I think it was organic, honestly. I think I had made about 15 odd investments as personal cheques. And a few companies like Rupeek and Bon and Testbook had kind of emerged from that. And we knew that we were at a stage where we had enough of high-quality deal flow that we wanted to scale it to the next stage. iI turned out that 2018 is when I think the momentum picked up in the market. And we were able to kind of catch some of the early investments in Open, ShopKirana, Yulu, and others at the right stages. So I think it was more a function of where we were at that point. And, and I think the rest is really about market timing.

Siddhartha 35:27

entrepreneurs who are wanting to have you on their board, how should they approach you?

Vaibhav 35:32

So I think the best is to reach out to a founder that we funded. I know it’s a very cliched answer, but I think what happens is you get so flooded with, with the founders who are reaching out across channels. It’s, it’s physically hard to keep on top of everything. So I think the best founders would have Find portfolio founders to make introductions because that essentially gets the quickest attention. And it’s in it’s highly inefficient, I understand. But I think that that works the best in general. The other thing that I would say, which has also worked, because I try my best to pay attention to everything that comes in, not everything, but as much as I can. And I think what happens is when you have you do two things, the right one is you click on their LinkedIn profile when you click on the company’s website, and if those two things inspire confidence, then it’s very quick that that, you know, I’m able to respond. So I think I would highly encourage founders to make sure that their home pages and their LinkedIn profiles are optimized to, you know, suggest what they’re doing, which honestly, you know, I don’t see it being done as well as it could be. So I think that that’s something that I love because I think that helps them get through to tell their story much better. And the last thing that I would say is founders who are starting a new company should start talking about it sooner than later choose a platform of your liking. But when I as an investor, see you as a founder talking about something and writing really insightful content, I am definitely drawn to understanding to wanting to understand what you’re doing. Right. So that’s probably a very powerful way.

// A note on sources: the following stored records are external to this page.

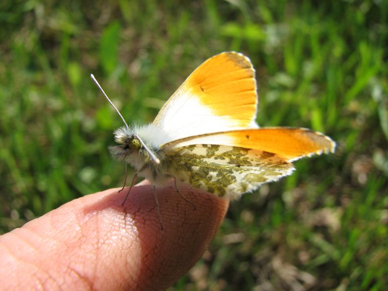 Oranje-witte vlinder zit op een vinger, met onscherpe groene achtergrond.
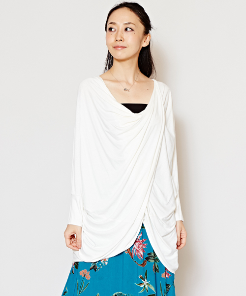 テロンとしたなめらかな肌ざわりのカットソーで、ドレープが綺麗な変形トップス。シンプルな無地で着回し力抜群!ワイドパンツやロングスカートなど、様々なスタイルに合わせやすいデザインです◎ ※こちらの商品は1点1点職人による手作りとなります。その為、形や色合いなど若干異なる場合がございます。(商品画像と実物とでは多少色味に違いがある場合がございます。)あらかじめご了承ください。 Amina Collection Co.,LTD.
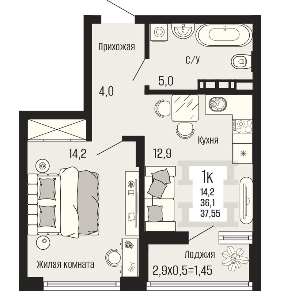 1-комнатная — 37,55 м² 2/12 эт. в Половецкий
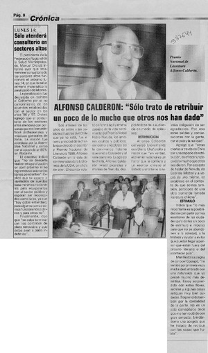 Alfonso Calderón, "Sólo trato de retribuir un poco de lo mucho que otros nos han dado" [artículo] Chañarcillo dic. 11, 1998, p. 8 retr. .
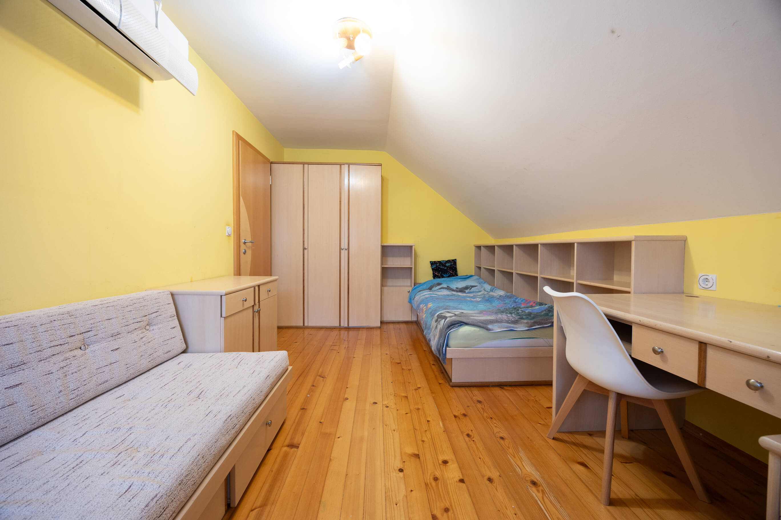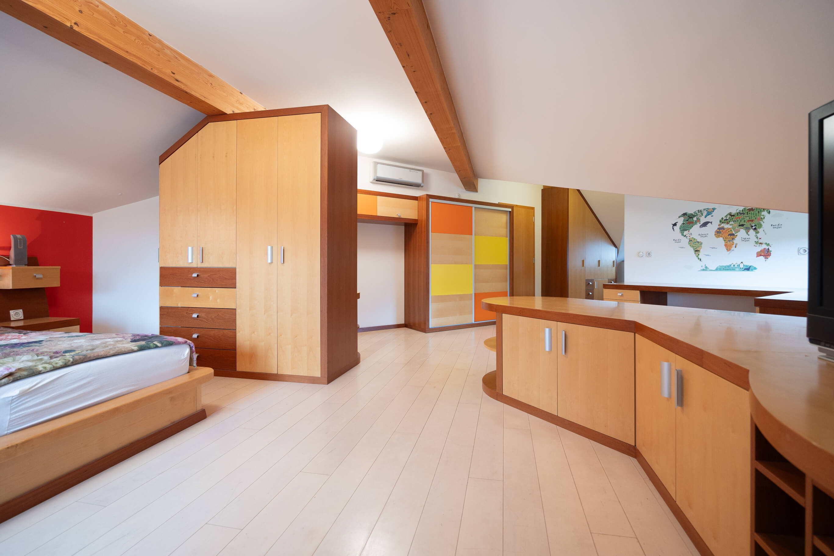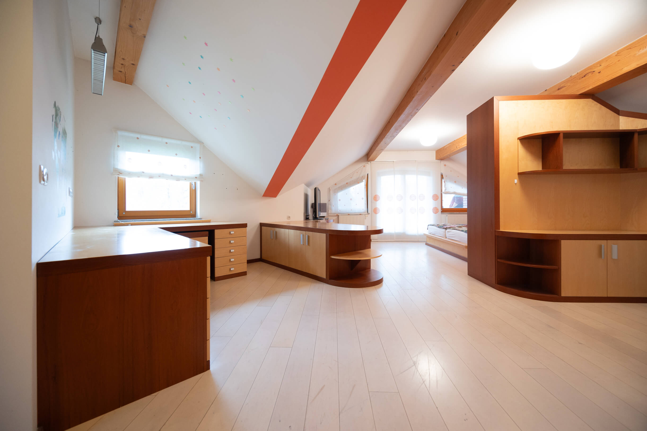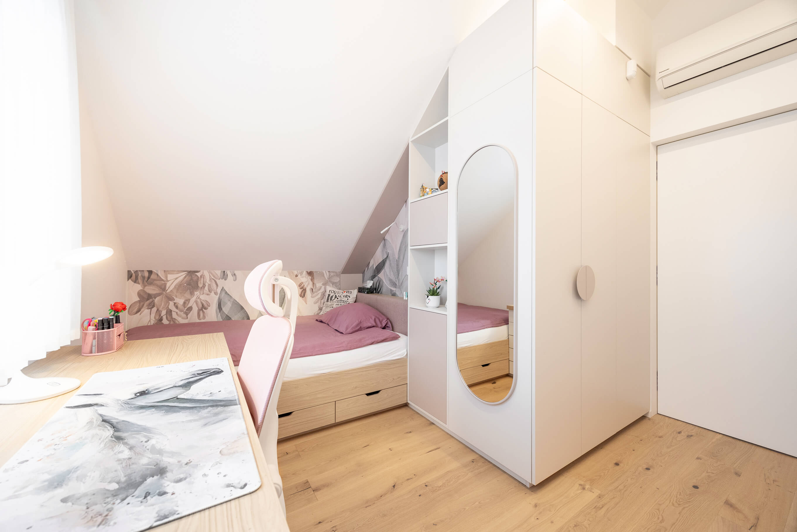 Prenova mansarde ni bila usmerjena v posamezne izstopajoče poudarke, temveč v ustvarjanje usklajene in smiselno zasnovane celote. Rezultat je svetel, pregleden in topel dom, ki spoštuje danosti prostora in jih s premišljenimi rešitvami nadgradi v sodobno bivalno okolje, prilagojeno potrebam družine.

In fact, that’s the way I first talked to teachers at ShopKirana I think ages is one of the most prolific content writers in the founder community and he writes with a lot of passion, which you know, you will pay attention to And that’s how I got introduced to shop guarana, honestly. So, so I think these are the three I would recommend. And this introduction process is highly inefficient. So founders really have to think about how they can optimize by doing either one of the three or all three of them.

Siddhartha 38:16

Thank you so much. It was wonderful to have you on the podcast.

Vaibhav 38:19

Thank you for having me, Siddhartha. Thank you.